Collected data:
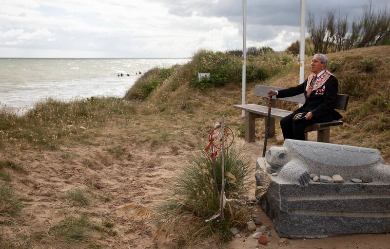 “I guess I will be alone here this year,” Shay said before he performed a Native American ritual to honor his comrades by spreading the smoke of burning white sage into the winds lashing the Normandy coast Friday.
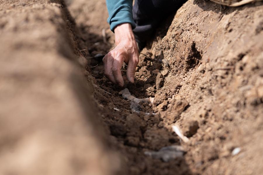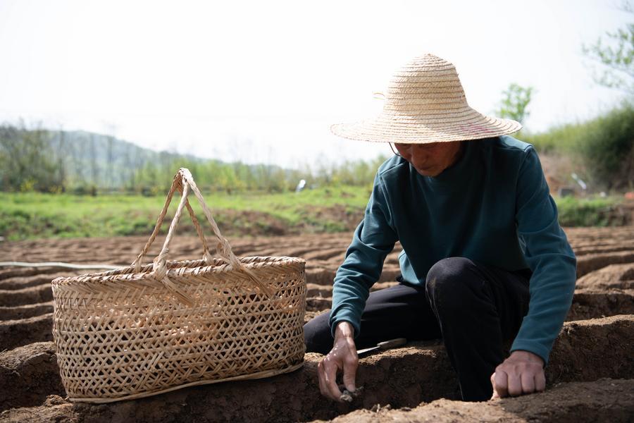 A farmer plants white gingers in a field in Datong Town of Tongling, east China's Anhui Province, on April 5, 2026. (Xinhua/Zhang Duan)
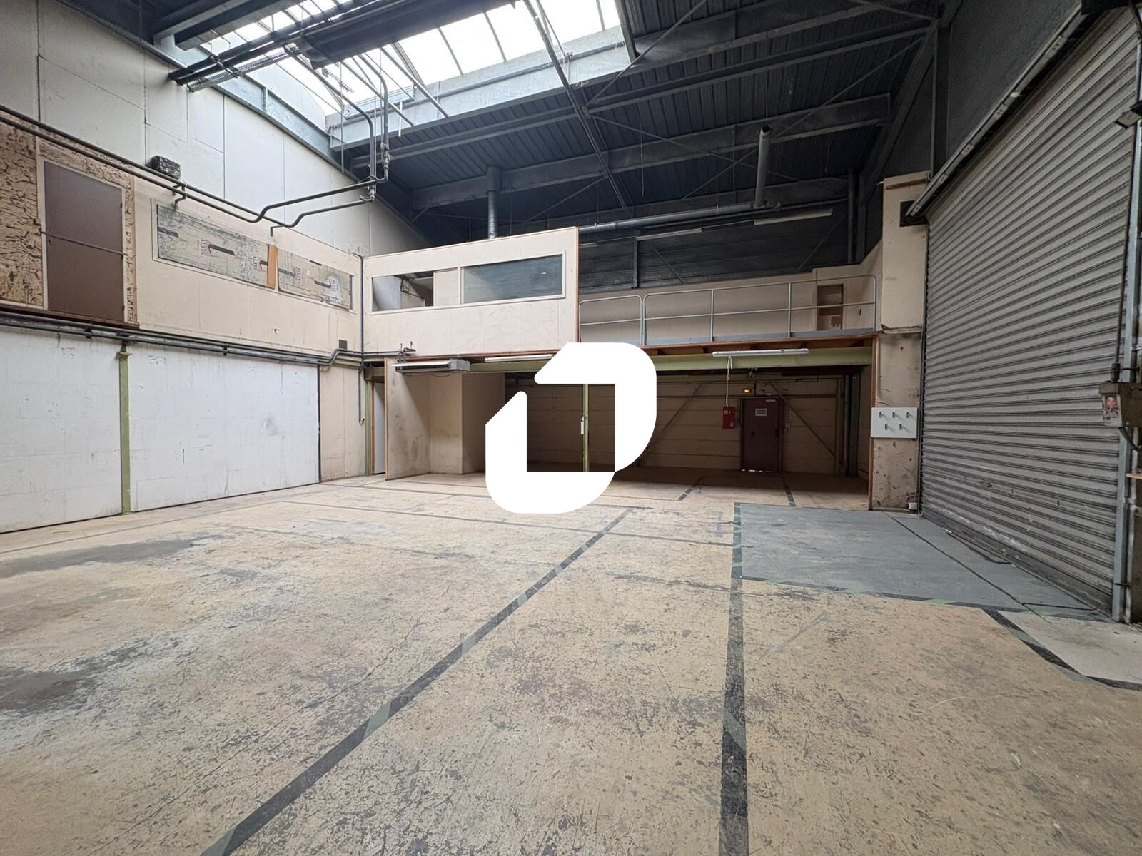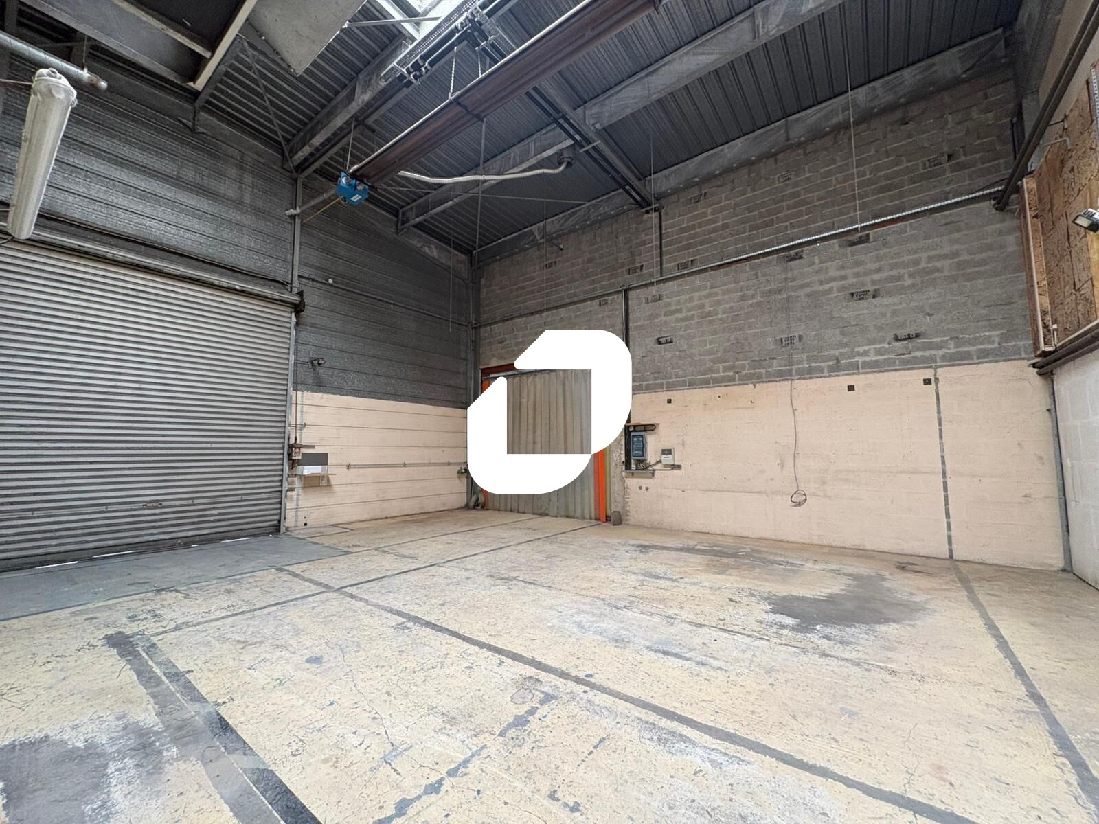 Sanitaires et porte sectionnelle.
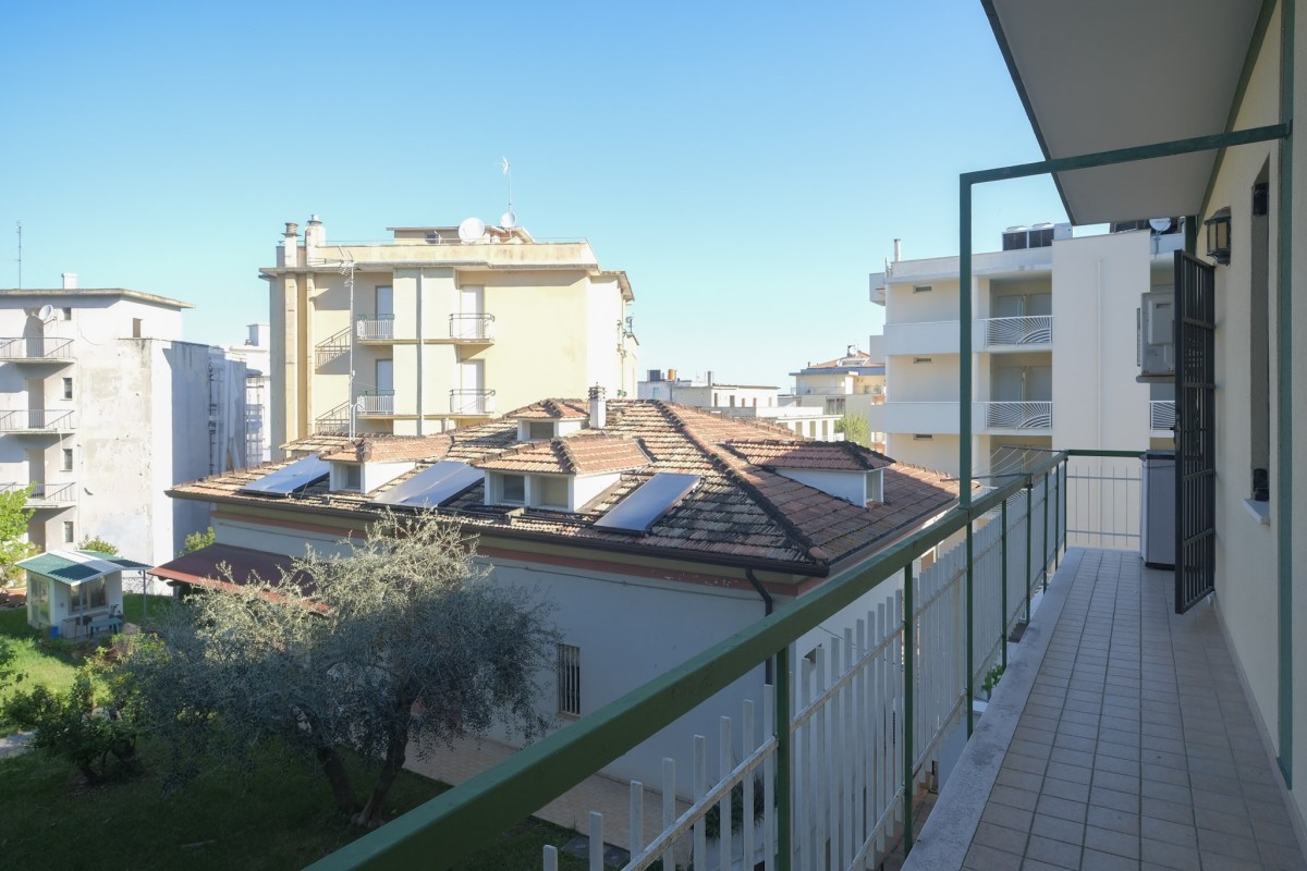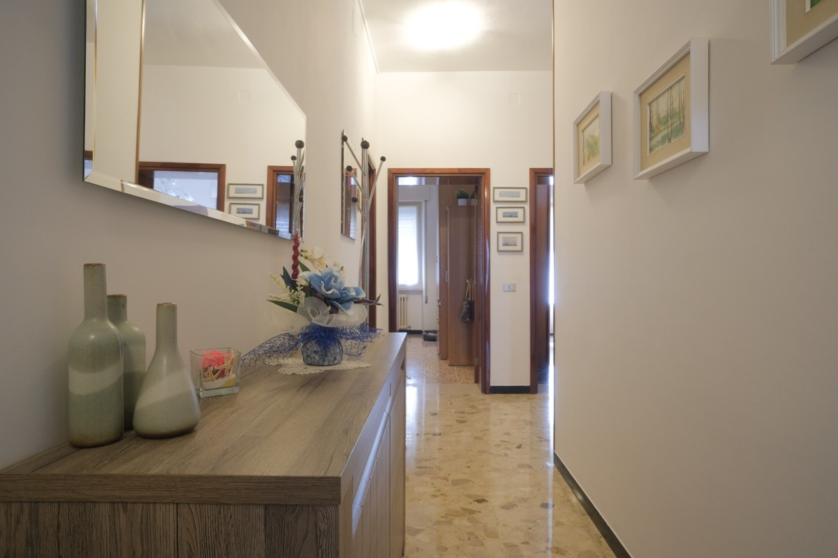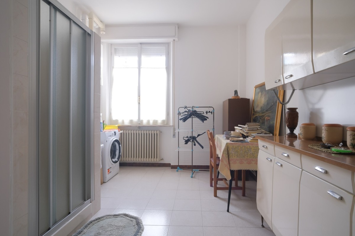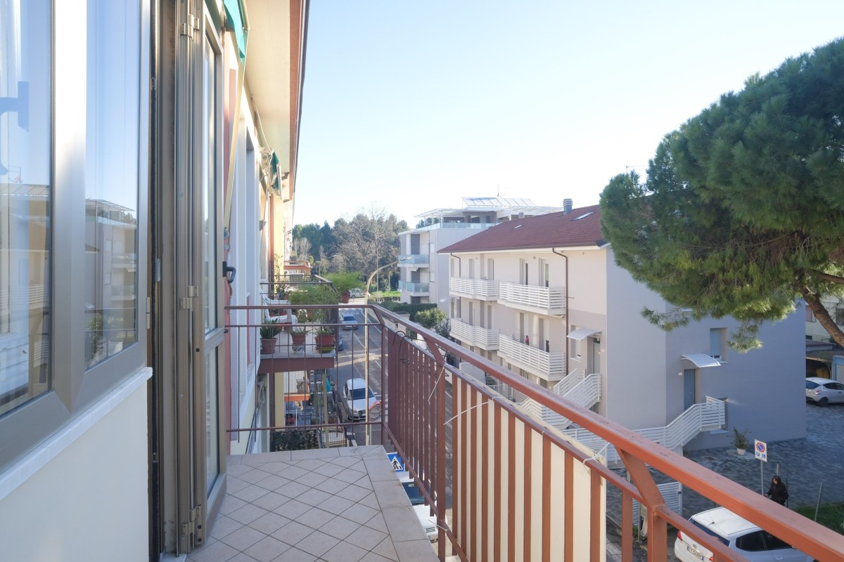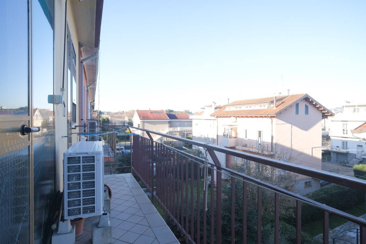 L'appartamento, sito al quinto ed ultimo piano servito da ascensore, è internamente composto da accogliente ingresso con zona giorno suddivisa in luminoso salotto dotato di balcone, da cui poter ammirare dall'alto la città di Pesaro, e soggiorno separato con ulteriore balcone e cucina. Proseguendo tramite il comodo disimpegno, troviamo 2 camere da letto matrimoniali, un ripostiglio, il bagno finestrato, e per finire un’ampia stanza attualmente dedicata alla lavanderia, perfetta per essere utilizzata come terza camera da letto.

What this task involves: Please print the data above once more, exactly as it appears, with no pictures.

Task output:
 “I guess I will be alone here this year,” Shay said before he performed a Native American ritual to honor his comrades by spreading the smoke of burning white sage into the winds lashing the Normandy coast Friday.
 A farmer plants white gingers in a field in Datong Town of Tongling, east China's Anhui Province, on April 5, 2026. (Xinhua/Zhang Duan)
 Sanitaires et porte sectionnelle.
 L'appartamento, sito al quinto ed ultimo piano servito da ascensore, è internamente composto da accogliente ingresso con zona giorno suddivisa in luminoso salotto dotato di balcone, da cui poter ammirare dall'alto la città di Pesaro, e soggiorno separato con ulteriore balcone e cucina. Proseguendo tramite il comodo disimpegno, troviamo 2 camere da letto matrimoniali, un ripostiglio, il bagno finestrato, e per finire un’ampia stanza attualmente dedicata alla lavanderia, perfetta per essere utilizzata come terza camera da letto.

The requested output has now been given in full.